If we would like to write the read model into the same database in the same transaction as the write model (dual write), we can easily add an event handler for that.
Unfortunately this approach makes it hard to rebuild a projection or introduce new projections. Only use for the simplest cases.
Other than the event store and the event streaming I also implemented an orchestration layer for the event consumer on the read side.
I first talk about the several challenges and then about the solutions for those challenges.
Pipeline
This library implements the following pipeline:
A service writes to a database (the event store), a forwarder component (can be an external service) listens to inserts into the database and forwards them into a event bus, then a projection listen to the event bus and creates the necessary views.

How to
I assume that the reader is familiar with the concepts of event sourcing and CQRS.
Warning: Code examples below may be outdated
Aggregate
The aggregate must "extend" eventsourcing.RootAggregate
, that implements eventsourcing.Aggregater
interface, and implement eventsourcing.Typer
and eventsourcing.EventHandler
interface.
Any change to the aggregate is recorded as a series of events.
You can find an example here
Factory
Since we will deserializing events we will need a factory to instantiate the aggregate and also the events. This factory can be reused on the read side, to instantiate the events.
Example here
Codec
To encode and decode the events to and from binary data we need to provide a eventsourcing.Codec
. This codec be as simple as a wrapper around json.Marshaller/json.Unmarshaller
or a more complex implementation involving a schema registry.
Upcaster
As the application evolves, domain events may change in a way that previously serialized events may no longer be compatible with the current event schema. So when we rehydrate an event, we must transform into an higher version of that event, and this is done by providing an implementation of the eventsourcing.Upcaster
interface.
Events
Events must implement the eventsourcing.Eventer
interface.
Example here
Eventstore
The event data can be stored in any database. Currently we have implementations for:
After we choose one, we can instantiate our event store.
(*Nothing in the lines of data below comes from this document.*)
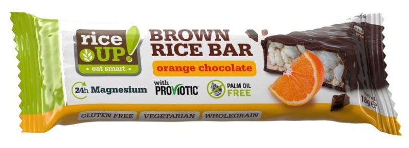 Polnozrnata riževa ploščica, oblita s temno čokolado z okusom pomaranče, RiceUP, 18 g
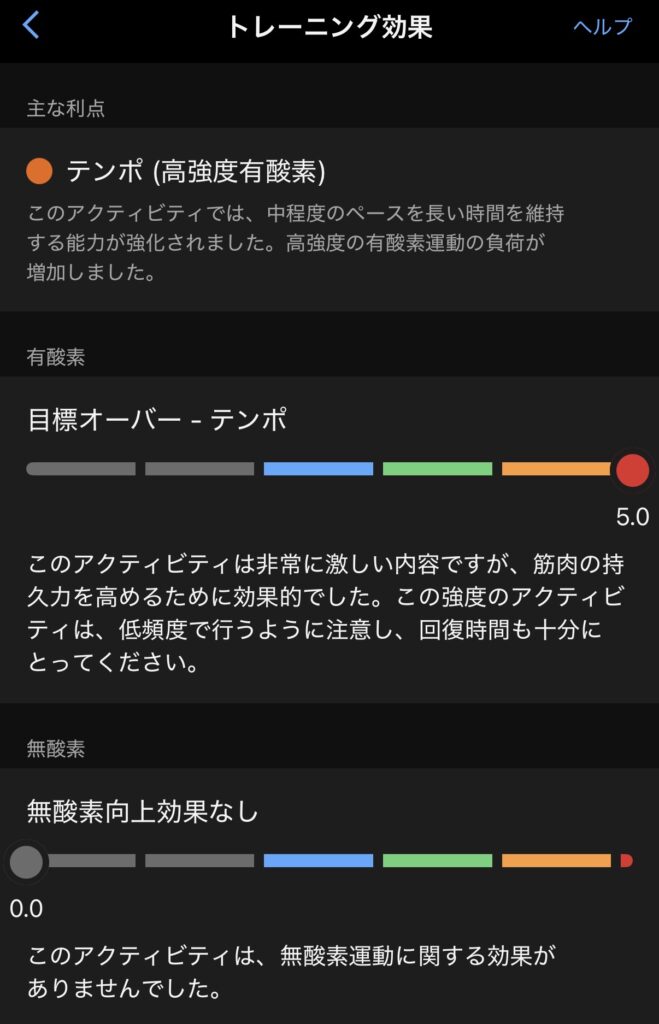 トレーニング効果は、高強度判定。
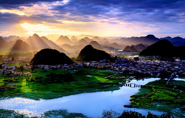 晨曦沐浴清河边,盛夏稻田绿又鲜,

esRepo := mongodb.NewStoreDB(client, cfg.EsName)
es := eventsourcing.NewEventStore(esRepo, cfg.SnapshotThreshold, entity.Factory{})
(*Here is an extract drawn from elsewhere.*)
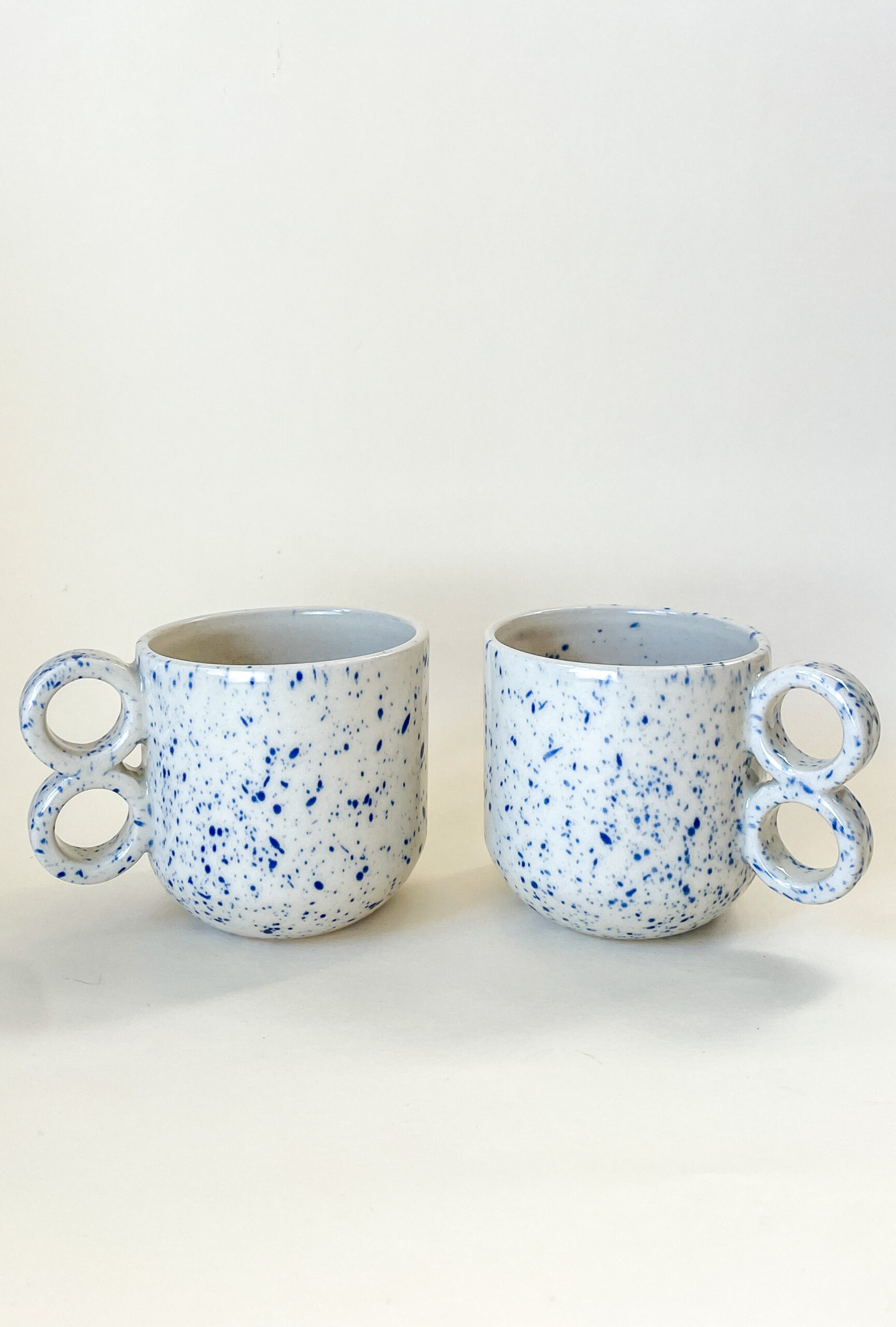 Kubek z podwójnym uchem o pojemności 0,33 ml. na kawę lub herbatę.

After that we just interact normally with the aggregate and then we save.
id := uuid.New().String()
acc := test.CreateAccount("Paulo", id, 100)
acc.Deposit(10)
acc.Withdraw(20)
es.Save(ctx, acc)
to get the aggregate
a, _ = es.GetByID(ctx, id)
acc2 := a.(*Account)
Forwarder
After storing the events in a database we need to publish them into an event bus.
This is done with a store.Feeder
and a sink.Sinker
sinker := // targets an event bus
sinker.Init()
feeder := // listen to a inserts to a database
feeder.Feed(ctx, sinker)
In a distributed system where we can have multiple instance replicas of a service, we need to avoid duplication of events being forwarded to the message bus.
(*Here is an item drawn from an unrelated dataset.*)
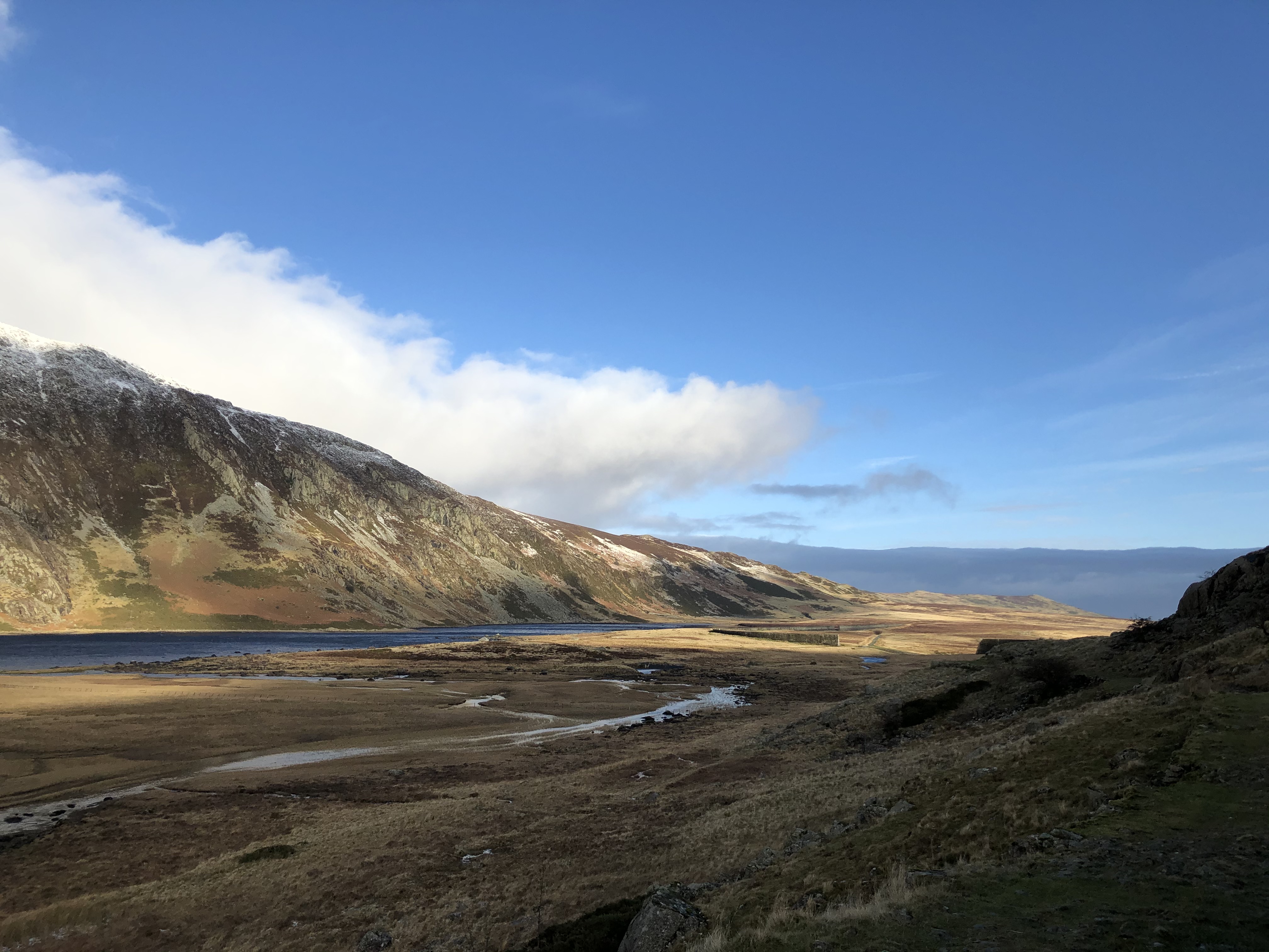 Looking back down the valley there were crisp views of Llyn Eigiau under a blue sky. You can see the dam wall at the end of the lake with a large portion missing. This was done purposely to prevent any further bursts.

To avoid duplication and keep the order of events we could have only one active instance using a distributed lock to elect the leader.
But this would mean that we would have an idle instance and it is just a waste of resources.
To take advantage of all the replicas, we can partition the events and balance the different partitions across the existing instances of the forwarder service.
Example: consider 2 forwarder instances and and we want to partition the events into 12 partitions.
Each forwarder instance would be responsible 6 partitions.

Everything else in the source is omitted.